Problem description: Aside from the pictures, the entries should be given again exactly.

--*--

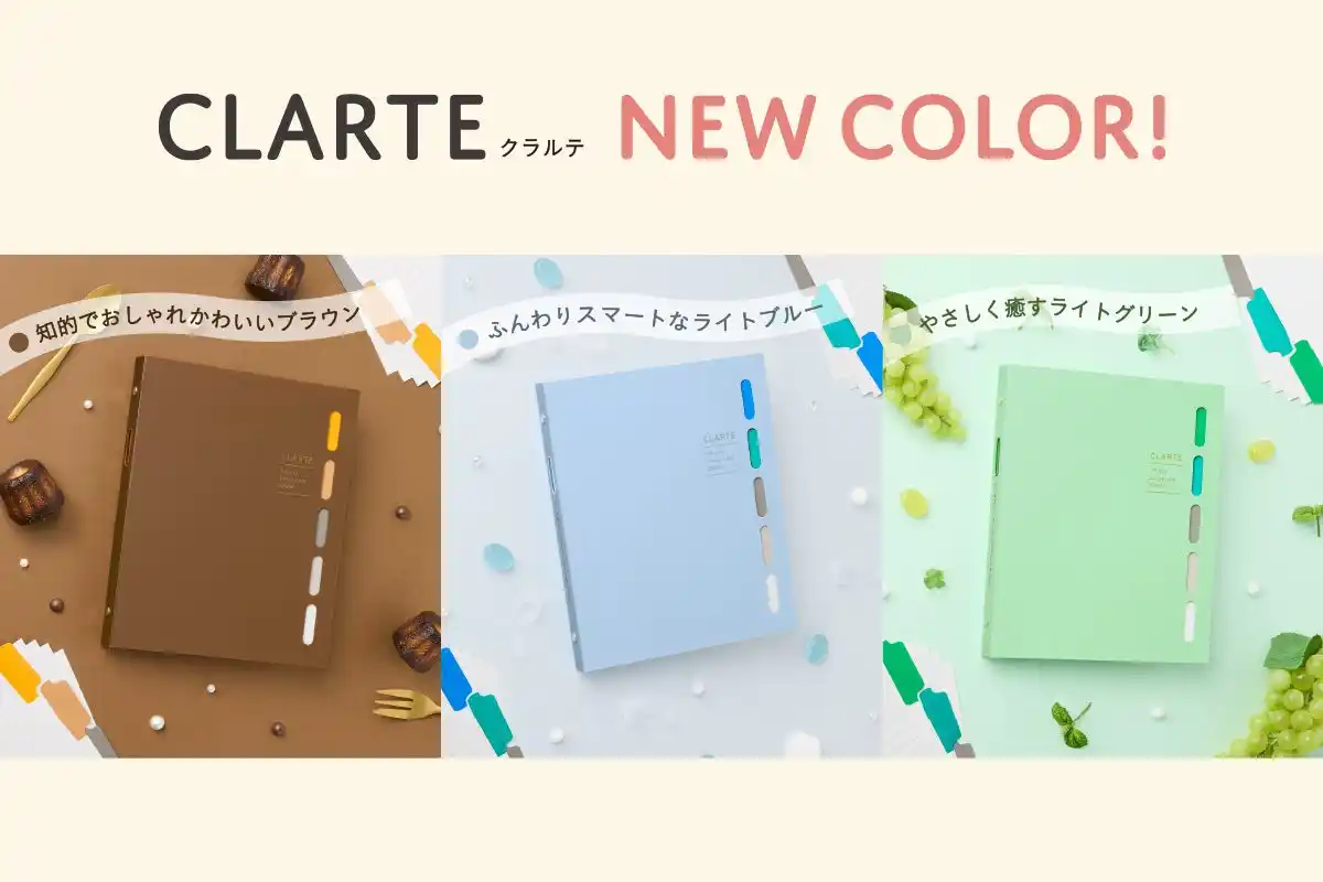 2016年の発売開始以来、学生・ビジネスシーンなどの幅広い層で人気のバインダーシリーズ『CLARTE(クラルテ)』に、知的でおしゃれかわいいブラウン、ふんわりスマートなライトブルー、やさしく癒すライトグリーンの3色が新登場。日常に溶け込む全7色カラー展開に落ち着いた印象のマットな手触り、さらに背表紙には高級感のある箔押しが施されています。 |
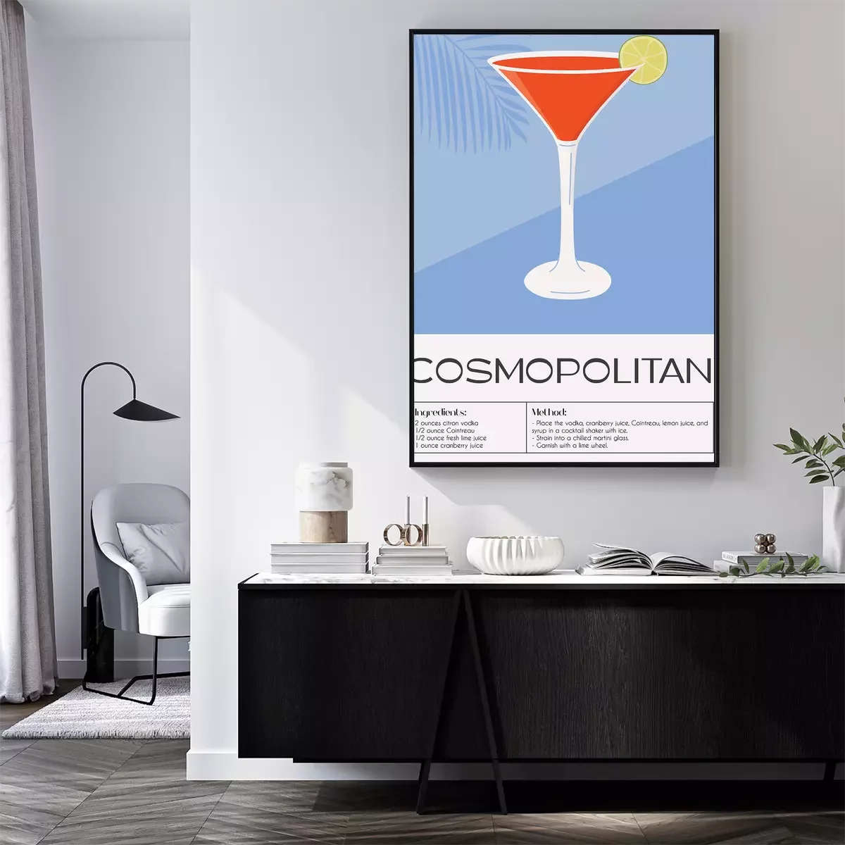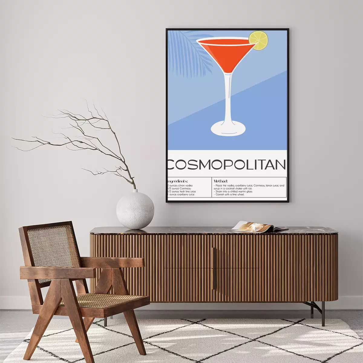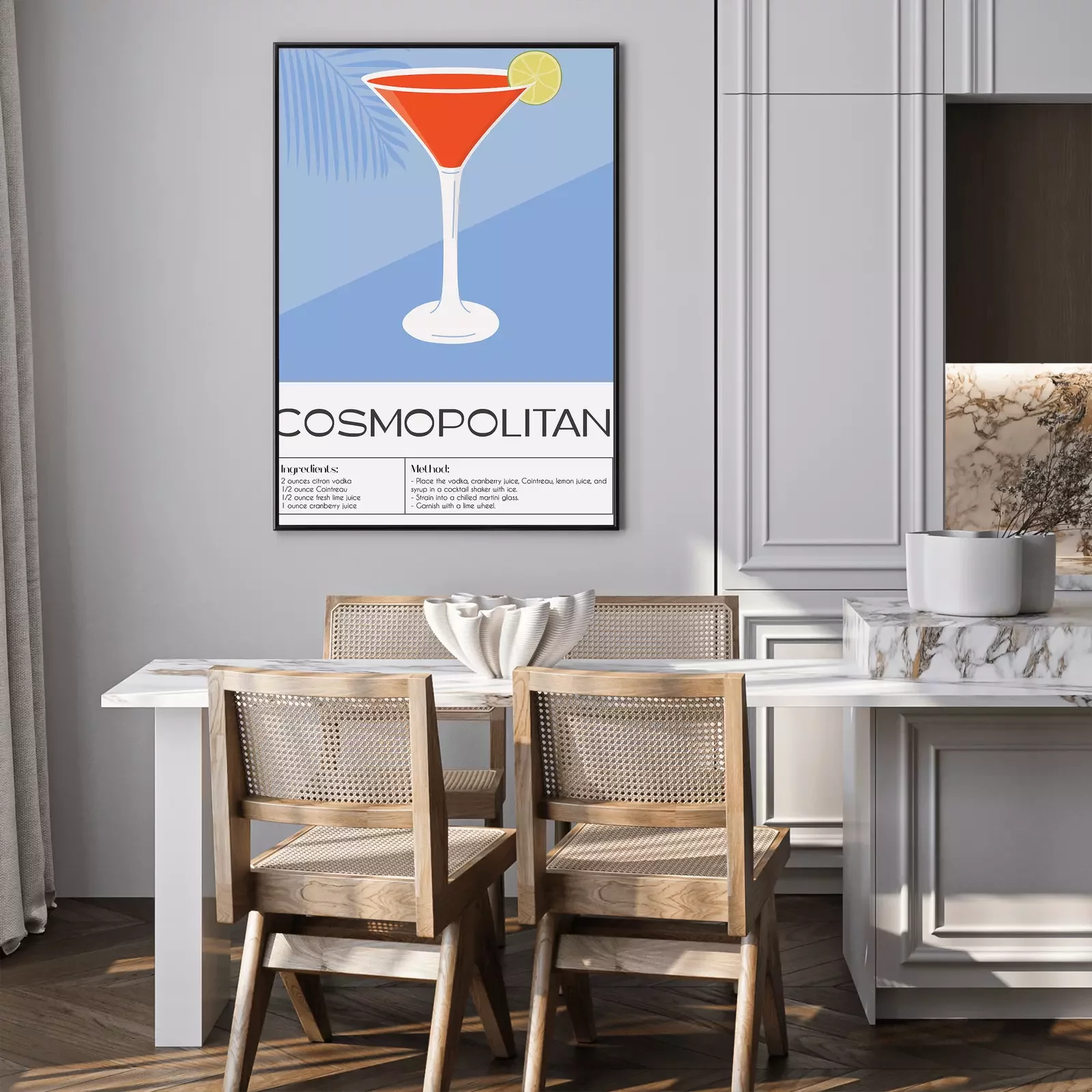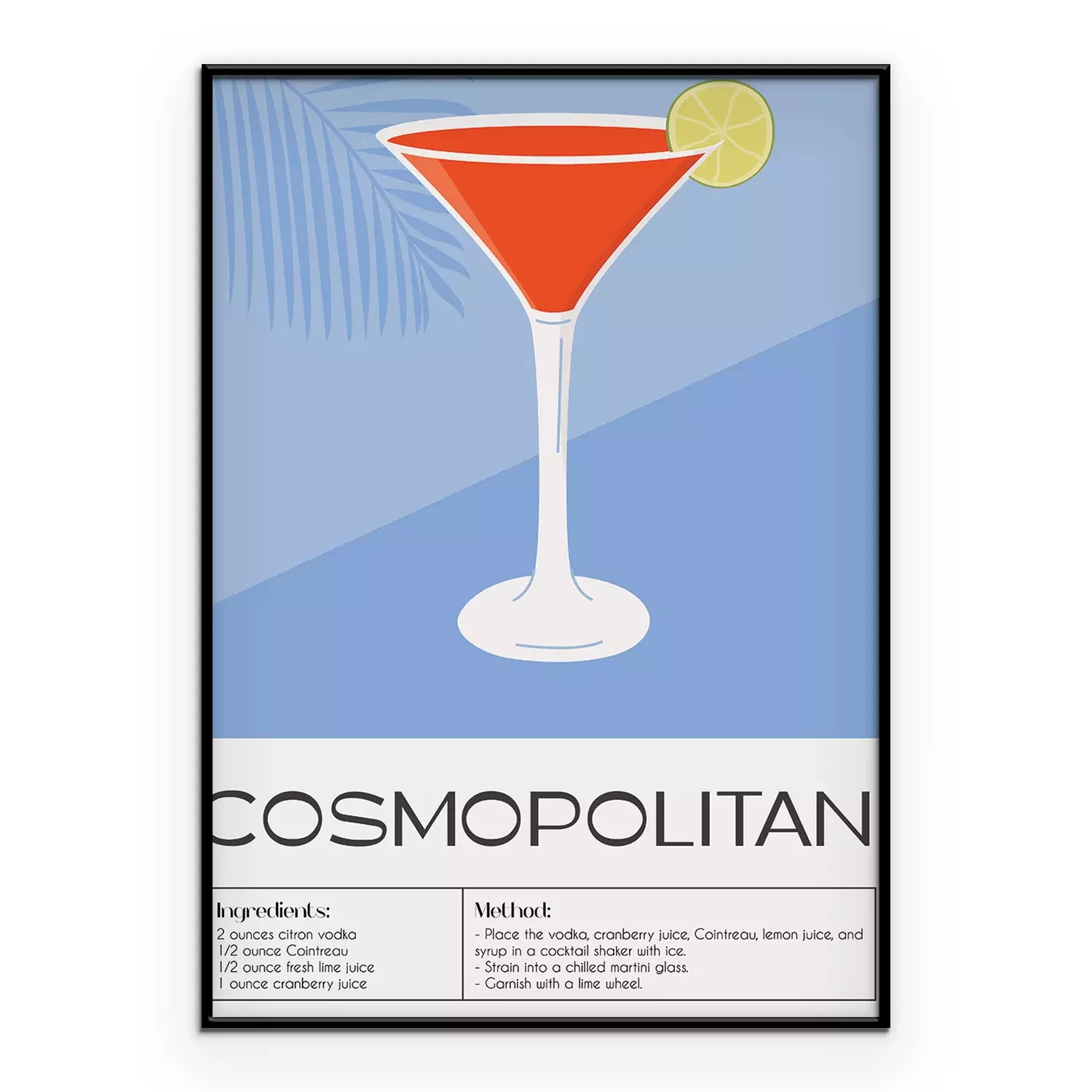 Poster: Cosmopolitan Cocktail Illustration mit Rezept
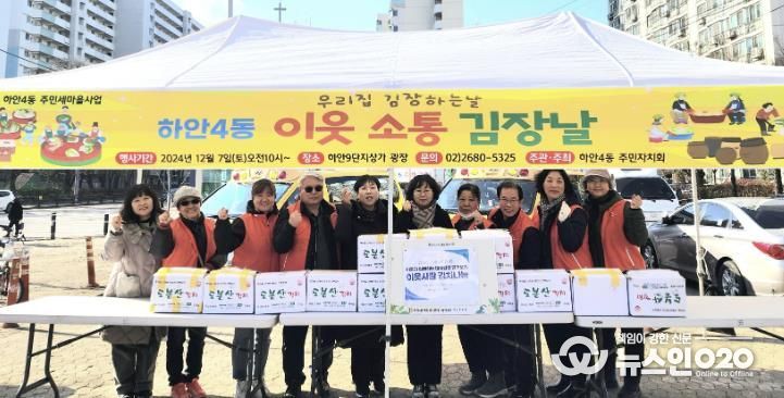 (뉴스인020 = 김성길 기자) 광명시 하안4동 주민자치회(회장 최미정)는 지난 7일 하안주공 9단지 상가 앞 광장에서 ‘이웃과 함께하는 김장김치 담가보기’를 진행했다.
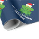 Folha de Natal de sapo verde engraçada para crianças. Brincadeira de presente de Papai Noel personalizada com o nome da criança. design de plástico de presente de animal de desenho para meninos e meninas. Faça um para filho, neto, filha, novo bebê, neto etc. Ilustração de feriado para crianças. Famoso animal da floresta Santa Clause. Fundo de cor personalizado é azul de marinho.
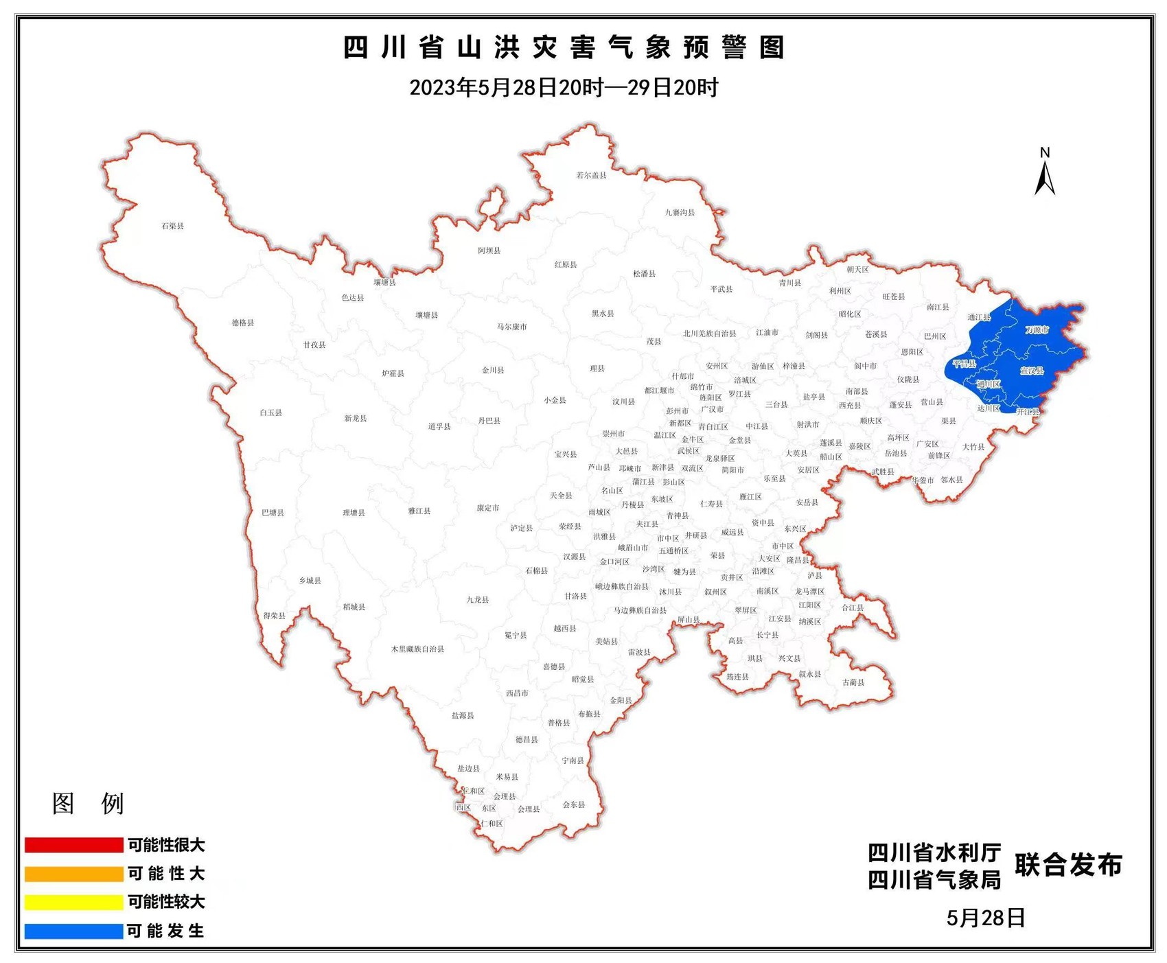 5月28日17时,四川省水利厅、四川省气象局联合发布山洪灾害蓝色预警。预警信息显示:5月28日20时至29日20时,达州市宣汉县、万源市、开江县、达川区、通川区,巴中市平昌县、通江县等7县(市、区)可能发生山洪灾害。
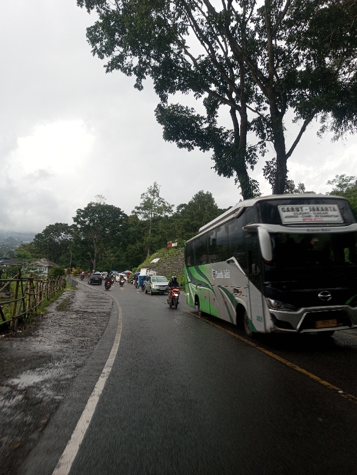 This image depicts a congested road scene in the city of Serpang Shalli, Bhutan, under an overcast sky. The asphalt road, appearing wet, curves slightly to the left, marked by a continuous white line along its left edge and a yellow line further right, indicating traffic lanes. In the foreground, a large passenger bus dominates the right side, oriented towards the viewer. The bus is predominantly white and light grey, featuring green wavy stripe accents along its side. Its front display panel clearly shows "GARUT - JAKARTA" and additional Indonesian text below. The bus is in motion or paused in traffic. To the left of the bus and extending into the midground, a line of vehicles is observed, primarily consisting of motorcycles, with a few cars interspersed. Several individuals are visible on the motorcycles, wearing helmets. Traffic appears to be either stationary or moving slowly. On the left side of the road, a rustic wooden fence constructed from branches runs parallel to the asphalt. Beyond the fence, a lower, unpaved path is visible, followed by dense green foliage and distant buildings nestled among trees, suggesting a village or town in a valley or hillside setting. On the right side of the road, a steep, vegetated embankment rises, covered in lush green trees and shrubs. A large, mature tree with extensive dark green foliage partially obscures the upper right corner of the frame. The sky is uniformly grey and heavily clouded, indicating overcast weather conditions. The overall lighting is diffused and soft.

--*--

Solution to this exercise:
 2016年の発売開始以来、学生・ビジネスシーンなどの幅広い層で人気のバインダーシリーズ『CLARTE(クラルテ)』に、知的でおしゃれかわいいブラウン、ふんわりスマートなライトブルー、やさしく癒すライトグリーンの3色が新登場。日常に溶け込む全7色カラー展開に落ち着いた印象のマットな手触り、さらに背表紙には高級感のある箔押しが施されています。 |
 Poster: Cosmopolitan Cocktail Illustration mit Rezept
 (뉴스인020 = 김성길 기자) 광명시 하안4동 주민자치회(회장 최미정)는 지난 7일 하안주공 9단지 상가 앞 광장에서 ‘이웃과 함께하는 김장김치 담가보기’를 진행했다.
 Folha de Natal de sapo verde engraçada para crianças. Brincadeira de presente de Papai Noel personalizada com o nome da criança. design de plástico de presente de animal de desenho para meninos e meninas. Faça um para filho, neto, filha, novo bebê, neto etc. Ilustração de feriado para crianças. Famoso animal da floresta Santa Clause. Fundo de cor personalizado é azul de marinho.
 5月28日17时,四川省水利厅、四川省气象局联合发布山洪灾害蓝色预警。预警信息显示:5月28日20时至29日20时,达州市宣汉县、万源市、开江县、达川区、通川区,巴中市平昌县、通江县等7县(市、区)可能发生山洪灾害。
 This image depicts a congested road scene in the city of Serpang Shalli, Bhutan, under an overcast sky. The asphalt road, appearing wet, curves slightly to the left, marked by a continuous white line along its left edge and a yellow line further right, indicating traffic lanes. In the foreground, a large passenger bus dominates the right side, oriented towards the viewer. The bus is predominantly white and light grey, featuring green wavy stripe accents along its side. Its front display panel clearly shows "GARUT - JAKARTA" and additional Indonesian text below. The bus is in motion or paused in traffic. To the left of the bus and extending into the midground, a line of vehicles is observed, primarily consisting of motorcycles, with a few cars interspersed. Several individuals are visible on the motorcycles, wearing helmets. Traffic appears to be either stationary or moving slowly. On the left side of the road, a rustic wooden fence constructed from branches runs parallel to the asphalt. Beyond the fence, a lower, unpaved path is visible, followed by dense green foliage and distant buildings nestled among trees, suggesting a village or town in a valley or hillside setting. On the right side of the road, a steep, vegetated embankment rises, covered in lush green trees and shrubs. A large, mature tree with extensive dark green foliage partially obscures the upper right corner of the frame. The sky is uniformly grey and heavily clouded, indicating overcast weather conditions. The overall lighting is diffused and soft.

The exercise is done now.